Just inside the entrance, to the right, the long bar stretched back into the darkness. To the left, Lindsey was doing her thing on the main stage, her high, elven features making her look a bit vulpine in the flashing colored lights. Lindsey was the only elf who danced, and she usually went home with the most nuyen. Norms of both sexes loved having her for lap dances, thinking they were getting something exotic as well as erotic.
Rachel knew that Lindsey was far from the best dancer there, but it seemed that few could resist that extra twinge of strange that accompanied her wide, sensuous mouth and platinum-tipped ears.

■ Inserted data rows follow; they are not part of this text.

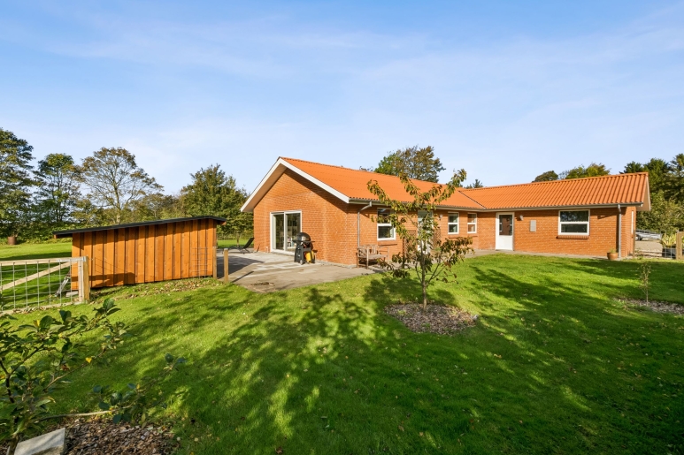 Grunden på hele 3.971 m2 er smukt anlagt med flisebelagte terrasser fra 2016 omkring huset samt en vidunderlig have fyldt med muligheder for både leg og afslapning. Beliggende i en mindre landsby kendt for sit gode sammenhold tilbyder ejendommen kort afstand til indkøbsmuligheder samt naturskønne gåture ved søer og skove.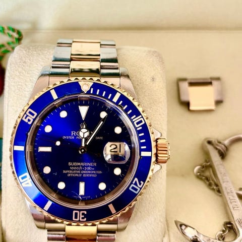 Selger en Rolex Submariner Date “Bluesy” i two-tone (stål/gull).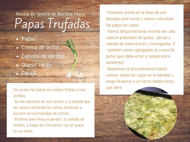 Hoy las receta se comparten, dejan de estar latiendo en lo íntimo del seno familiar y se muestran a todos, así cada uno que se sienta parte de esta gran familia Piguense, por adopción o por raíces las consideren propias .Esta en particular es la de una de las familia que colaboraron revivir aquellas comidas rememoraba los recuerdos de muchos. La receta de la Familia de Marlene Favre PAPAS TRUFADA. Agradezco a todos los organizadores de la propuesta COCINA PIGÜENSE por permitir acercar eta receta y a cada Pigüense que nos hizo sentir parte de la ciudad.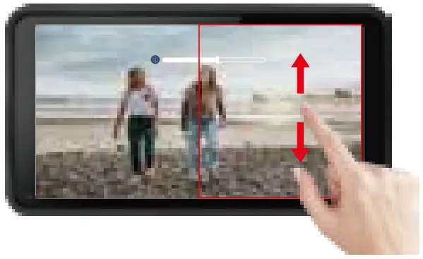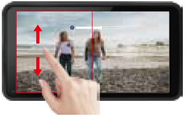 On the right area of the screen, swipe up to increase the backlight brightness. Swipe down to decrease the backlight brightness.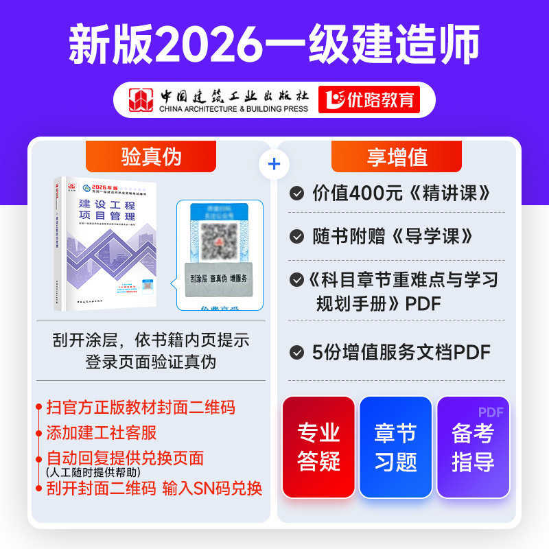 建工社新版 一建教材2026年一级建造师官方教材网课通信与广电矿业铁路工程民航机场港口与航道方向自选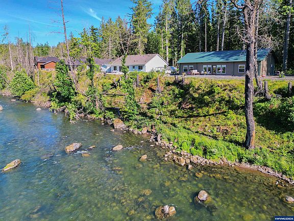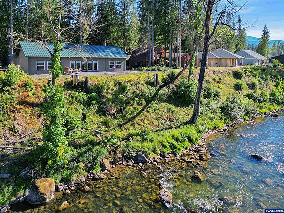Motivated Seller. Dream home! Beautiful 2022 custom built home on the Santiam River. Hear the sounds of the river from the great room and both master suites, home has no shortage of top-of-the-line features and was built to a higher standard than code such as heavier foundation and pier blocks, metal roof, extra overlap on the siding, plumbed for propane. Patio on the river, oversized garage, RV area with cover, metal roof. Home is turnkey and ready for your immediate enjoyment.

Screams from backstage attracted Rachel’s fogged attention for a moment. It was Mia.
Rachel frowned. Mia must need nuyen bad if she was going into her act this early in the week.
Mia sat, naked, in a chair center stage, her back arched, sweat dripping from her forehead as a young ork pushed the head of a large golden pin through her soft flesh. Mia whipped her head around, her shoulder-length black hair covering her face in sticky strands, her scream drowned out by the roar of twenty male voices, as blood welled around the pin.

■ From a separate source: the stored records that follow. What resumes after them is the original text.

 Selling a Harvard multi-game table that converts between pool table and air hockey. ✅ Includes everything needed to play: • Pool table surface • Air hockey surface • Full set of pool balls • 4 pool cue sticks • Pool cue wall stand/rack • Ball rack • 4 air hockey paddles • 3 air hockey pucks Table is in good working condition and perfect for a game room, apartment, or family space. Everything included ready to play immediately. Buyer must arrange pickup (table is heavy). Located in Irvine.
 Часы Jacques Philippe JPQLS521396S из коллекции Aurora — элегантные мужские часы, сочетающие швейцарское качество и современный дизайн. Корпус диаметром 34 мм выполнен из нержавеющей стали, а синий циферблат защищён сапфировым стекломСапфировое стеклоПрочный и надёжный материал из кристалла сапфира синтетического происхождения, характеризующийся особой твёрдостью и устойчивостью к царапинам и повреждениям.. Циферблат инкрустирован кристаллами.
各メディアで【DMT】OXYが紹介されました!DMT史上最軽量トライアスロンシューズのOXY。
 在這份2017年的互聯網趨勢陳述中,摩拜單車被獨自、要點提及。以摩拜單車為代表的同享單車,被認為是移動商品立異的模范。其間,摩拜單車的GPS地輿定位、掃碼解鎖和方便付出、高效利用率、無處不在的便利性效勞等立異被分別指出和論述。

At fifty nuyen a pin, Mia was working on pretty close to a thousand nuyen for this set, but Rachel knew, no matter what painkillers Mia was dosing, she wouldn’t make it more than another set or two. Not to mention if some customer wanted a little more intimate lap dance. However, that seldom happened to Mia, because she charged five hundred for a table dance. All for the customer to have the privilege of actually drinking any of the blood they shed from her body.
Before tonight, Rachel had found the blood-drinking thing a bit disturbing, but now it made her shiver, imagining what de Vries could do to Mia with those sharp teeth of his. She turned back to the bar and walked down toward the end as the music came to an ear-rending crescendo, barely drowning out Mia’s screams.
Suddenly, Rachel felt two small hands slip under her shirt and cup her breasts. She turned and saw Celone standing there, a wide grin on her sensuous mouth. Celone was the tallest of the night girls, with brown hair just past her shoulder blades and incredibly long legs. She was also the nastiest dancer.
“Hey, you working a double?” Celone yelled.
Rachel shook her head, still in a fog.
Celone’s grin turned to a frown. “Devon and I got a guy who wants a three-girl shower show. He asked for you.”
Rachel’s eyes tracked to the back of the bar where the shower slash hot tub set-up rested. Devon, a tiny girl with muscular thighs, over-sized breasts, and long, dirty-blonde hair, was already in the shower, letting jets of neon-colored body paint spatter her body.
The customer was just getting undressed, smiling at Rachel and trying to suck in his hairy gut.
Rachel shook her head. “You know I don’t do the live sex thing.”
Celone smiled. “He promised no touching, so it would just be you, me, and Devon. Sex with girls isn’t the same thing.”
Rachel frowned. “Sex is sex, no matter who you do it with, and I don’t do it for nuyen.”
Celone frowned, “Hey, that’s not fair to Devon and me. Besides, when was the last time you made five hundred nuyen in under ten minutes?”
Rachel shook her head again. “Sorry, I’ve got to find Flak. You seen him?”
Celone’s frown turned into a full-fledged pout. “Come on, Rachel. I’d do it for you.”
Rachel doubted that, but she just smiled. “Why don’t you ask him if he wants Jessica? Everybody says we look like sisters.”
Celone’s big brown eyes widened. “Rocket. He probably won’t even know the diff.” Then she started to turn around as the music began to wind its way back upward.
Rachel grabbed her arm. “Have you seen Flak? I’ve gotta talk to him.” Her frustration bled through into her voice.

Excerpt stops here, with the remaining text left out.